Directions for this task: Would you print the listing that follows exactly, but without its pictures?

Dataset extract:
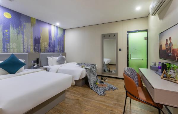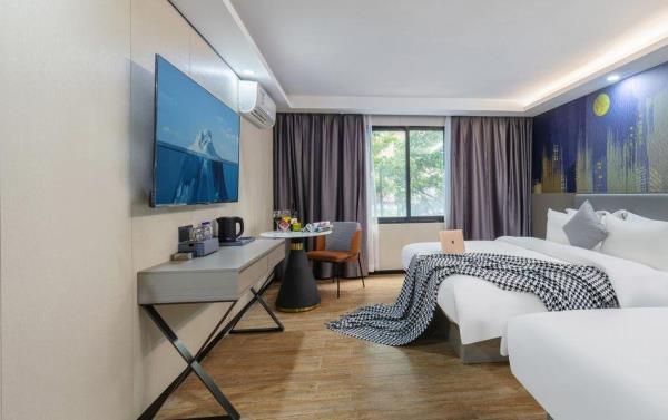 酒店位于广州中轴线(广州大道南敦和路) 地理位置优越,近客村地铁站(3号线/8号线C出口左行约850米客村立交再左行750米), 毗邻旅游打卡地海心沙公园、花城广场和广州塔(小蛮腰);临近琶洲国际会展中心、中大布匹市场、华南鞋城、海珠区府、海珠区人民法院和海珠科技园;紧靠广州珠江新城、中山大学、广东省第二师范学院、省第二人民医院、珠江电影制片厂、TIT创意园;周边配套齐全,有大型购物商场好又多、合生广场、丽影广场、海珠万达广场、KFC、麦当劳等商家。 酒店大堂设有百宝箱百项增值物品例如:卸妆水、卸妆棉、防晒霜、洗面奶、一次性洗脸巾、一次性内裤、一次性袜子、红糖水、卫生纸..等等日常用品,一应俱全! 暖心增值服务:前台冰箱设有:网红小熊奶茶,冷饮,冰粉,冰淇淋,网红小零食,酒店一楼设有网红墙可拍照打卡哟! 酒店致力于通过独特的设计格调和场景,为认真生活的消费者提供展示自我、绽放自我,不将就的生活空间,是一家可住、可玩、可拍、可宅的沉浸式中端入门式连锁酒店。无论商务出行、休闲娱乐还是度假探亲、旅游购物,酒店都是您不错的选择,我们诚挚期待您的光临!
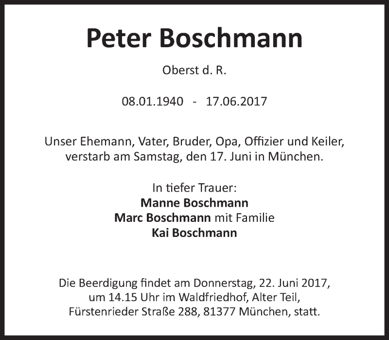 Hier finden Sie alle Traueranzeigen aus der Zeitung, die bisher für Peter Boschmann erschienen sind. Weitere Traueranzeigen, die in der Zeitung erscheinen, werden hier ebenfalls aufgelistet
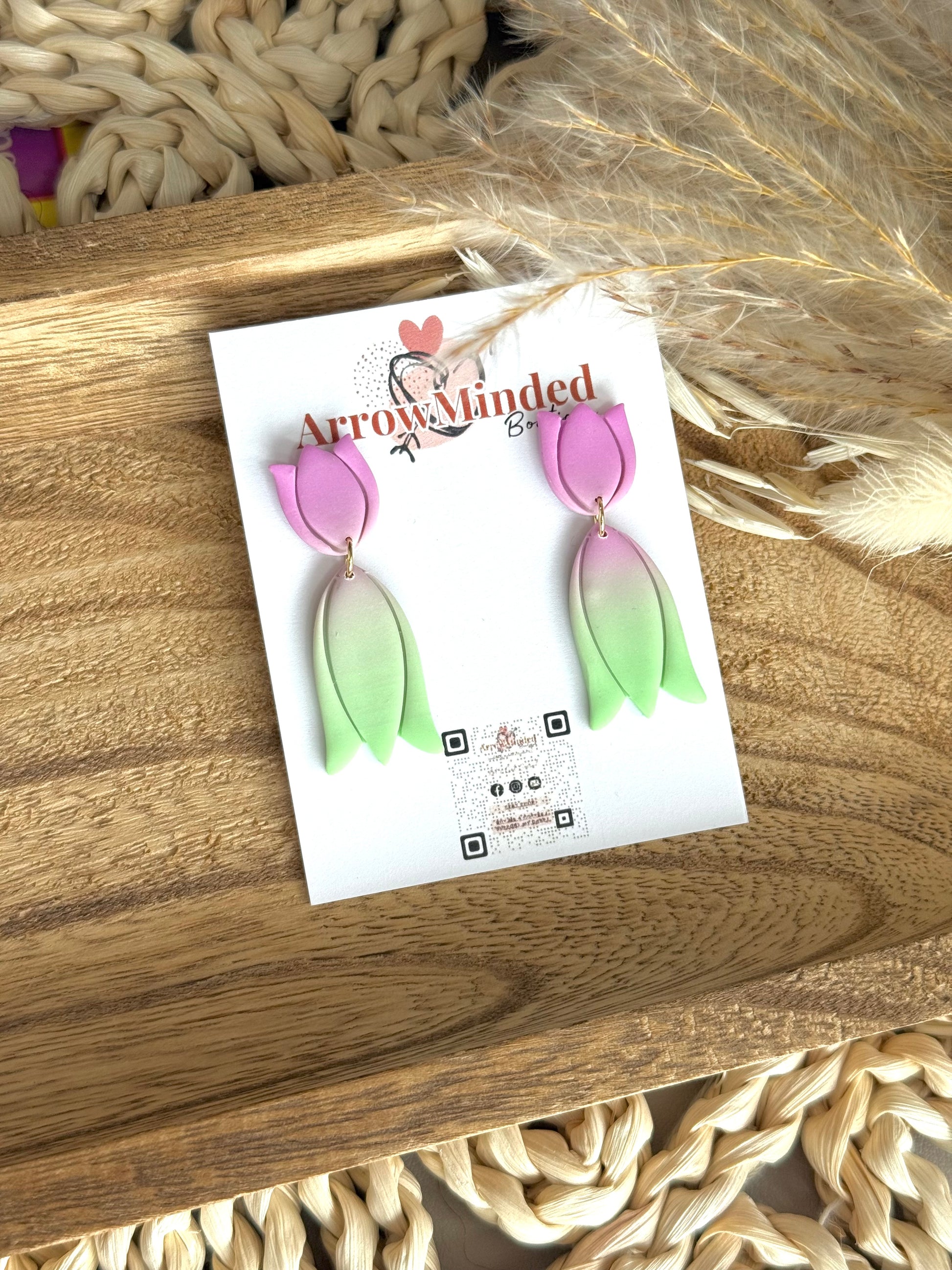 Handmade Neon & Neutral Tulip Bloom Earrings
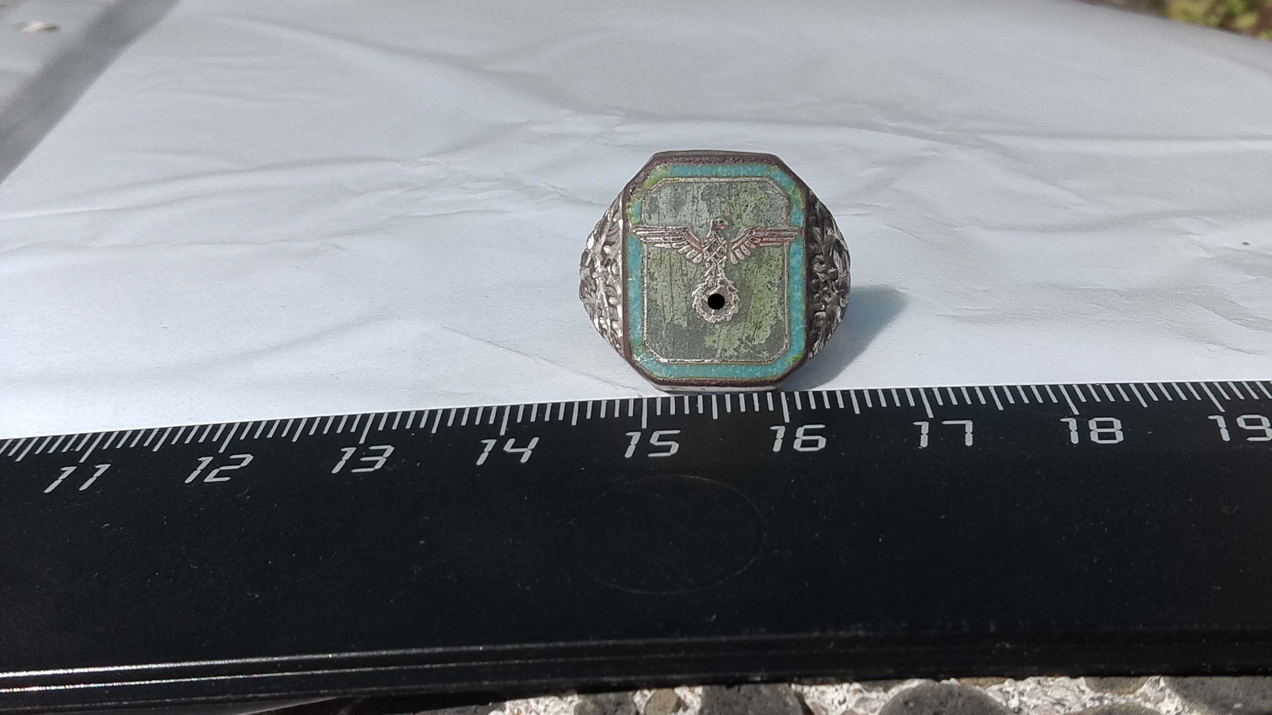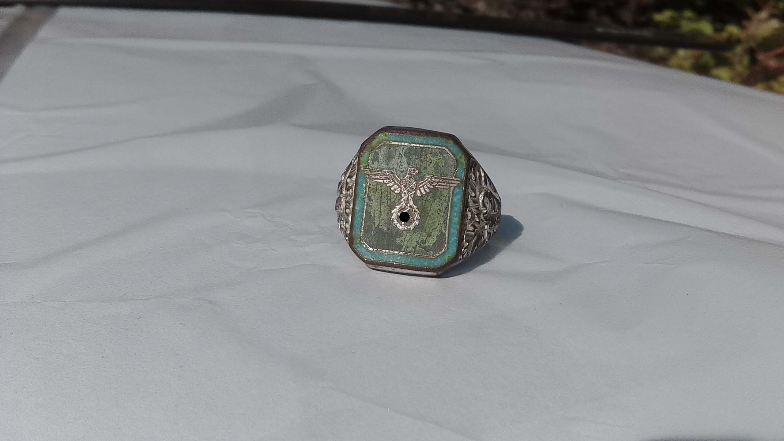 Доброго дня еще раз! Позавчера при проведении земляных работ),в тьмутараканьей ленинградских болот, на поверхность извлекся немецкий перстень. Изображение орла на свастике находятся на каком-то сине-зеленом материале, типо яшмы или хз точно. Перстень медный походу с позолотой, изображение орла и свастики, видимо из золота, потому как абсолютно не окислилось. Проб и надписей никаких нет. Камрады подскажите, кто мог из гансов (род войск и тп ) юзать перстенек, и стоит ли он чего у коллекционеров? Спасибо, с уважением!

Written response:
 酒店位于广州中轴线(广州大道南敦和路) 地理位置优越,近客村地铁站(3号线/8号线C出口左行约850米客村立交再左行750米), 毗邻旅游打卡地海心沙公园、花城广场和广州塔(小蛮腰);临近琶洲国际会展中心、中大布匹市场、华南鞋城、海珠区府、海珠区人民法院和海珠科技园;紧靠广州珠江新城、中山大学、广东省第二师范学院、省第二人民医院、珠江电影制片厂、TIT创意园;周边配套齐全,有大型购物商场好又多、合生广场、丽影广场、海珠万达广场、KFC、麦当劳等商家。 酒店大堂设有百宝箱百项增值物品例如:卸妆水、卸妆棉、防晒霜、洗面奶、一次性洗脸巾、一次性内裤、一次性袜子、红糖水、卫生纸..等等日常用品,一应俱全! 暖心增值服务:前台冰箱设有:网红小熊奶茶,冷饮,冰粉,冰淇淋,网红小零食,酒店一楼设有网红墙可拍照打卡哟! 酒店致力于通过独特的设计格调和场景,为认真生活的消费者提供展示自我、绽放自我,不将就的生活空间,是一家可住、可玩、可拍、可宅的沉浸式中端入门式连锁酒店。无论商务出行、休闲娱乐还是度假探亲、旅游购物,酒店都是您不错的选择,我们诚挚期待您的光临!
 Hier finden Sie alle Traueranzeigen aus der Zeitung, die bisher für Peter Boschmann erschienen sind. Weitere Traueranzeigen, die in der Zeitung erscheinen, werden hier ebenfalls aufgelistet
 Handmade Neon & Neutral Tulip Bloom Earrings
 Доброго дня еще раз! Позавчера при проведении земляных работ),в тьмутараканьей ленинградских болот, на поверхность извлекся немецкий перстень. Изображение орла на свастике находятся на каком-то сине-зеленом материале, типо яшмы или хз точно. Перстень медный походу с позолотой, изображение орла и свастики, видимо из золота, потому как абсолютно не окислилось. Проб и надписей никаких нет. Камрады подскажите, кто мог из гансов (род войск и тп ) юзать перстенек, и стоит ли он чего у коллекционеров? Спасибо, с уважением!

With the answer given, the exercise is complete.